Historias de Terror (zombies)

RELATO N° 15: EVOLUCIÓN

      El virus, en un principio, solo mataba a las personas contagiadas, en un lapso no mayor a tres días. Actualmente se habla de una mutación de este y las personas que se infectan se vuelven agresivas.

     Parecen dominar sus instintos caníbales. Son sumamente violentos y no hay manera de retenerlos, sin hacerles daño. Investigaciones demostraron que las personas perecientes por el virus, no mueren, su tejido sigue… vivo. Todo en ellos actúa casi con normalidad, pero las pulsaciones disminuyen notablemente, dando la impresión de muerte.

     La zona mayormente afectada con este virus en el cerebro, sobre todo, la parte frontal de este, razón por la cual actúan como si fueran… zombis.

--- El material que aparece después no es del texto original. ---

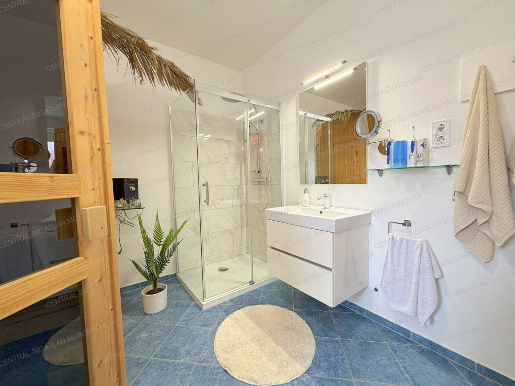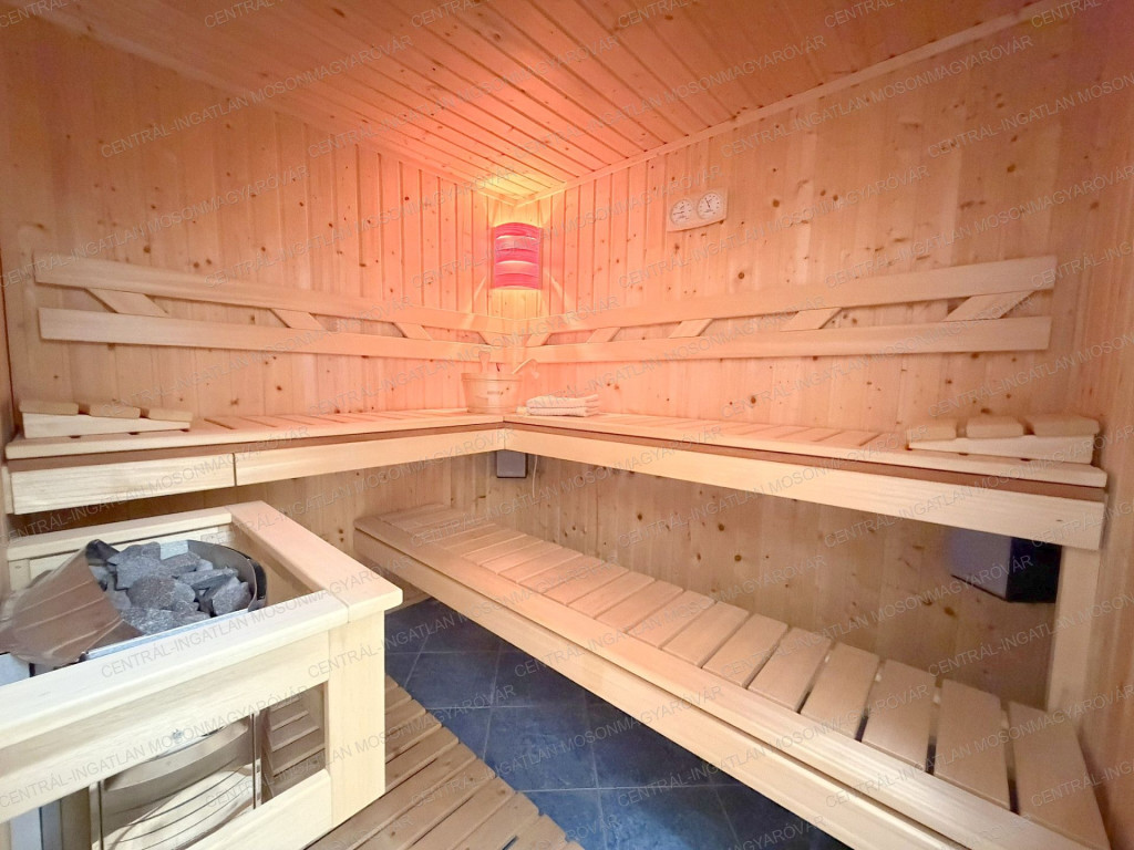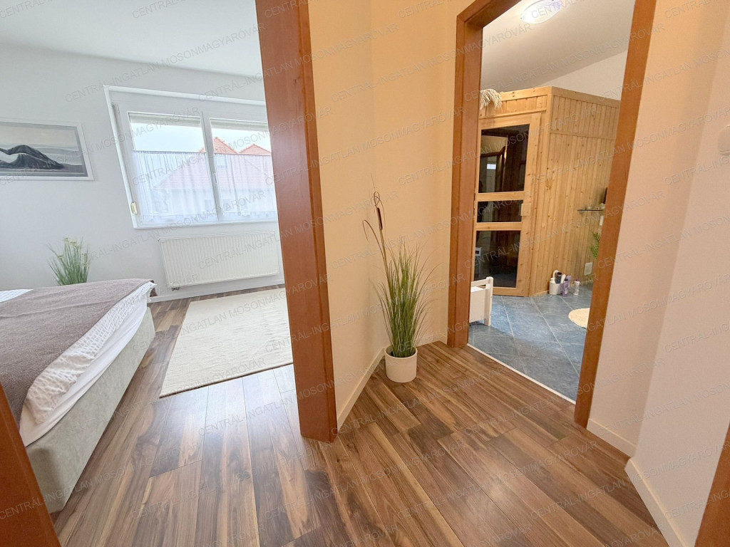 -A földszinten található még egy önálló hálórész: tágas hálószobával, saját fürdővel, szaunával, wc-vel.
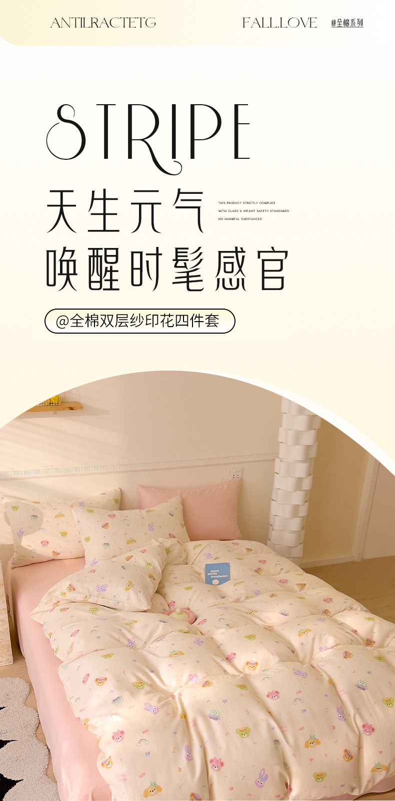 当前位置: 91家纺网 > 商品网购 > 床品套件 > 四件套 > 全棉普通四件套 > DoDo 兜兜 2025新款全棉双层纱印花四件套(可定做尺寸) 梦想家

     Todos los policías del país y las fuerzas armadas, trabajan para retener a los violentos. Aunque no se abastecen. Por el momento, el modo de contagio más directo es por una mordedura de los infectados o por contacto directo con sangre, de igual manera, contagiada.

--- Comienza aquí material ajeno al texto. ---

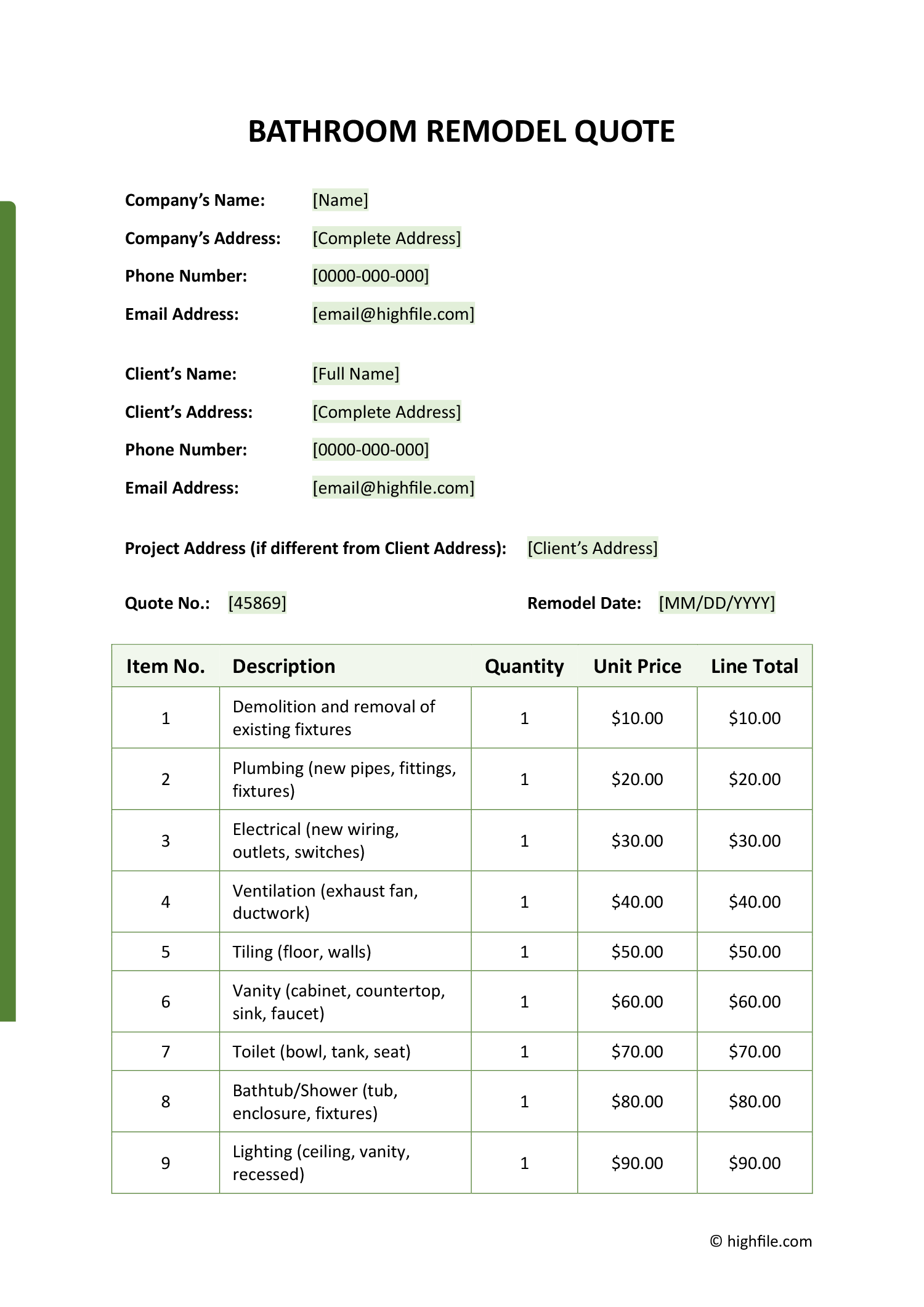 Free Bathroom Remodel Quote Template Highfile

     Se pide a la población que no se alarme, estos no quieren comernos, mucho menos engullir nuestros cerebros, solo se trata del desate del salvajismo innato y totalmente natural de hombre.

     El gobierno está luchando para obtener una cura lo antes posible, aunque desde ya nos han informado que los contagiados no volverán a ser los mismo.

     Expresamente, de palabras del presidente: “Si se encuentran con uno de ellos y los ataca, mátenlos… Mátenlos de todas maneras, sin importar la condición –se rectificó–. Somos nosotros o son ellos”.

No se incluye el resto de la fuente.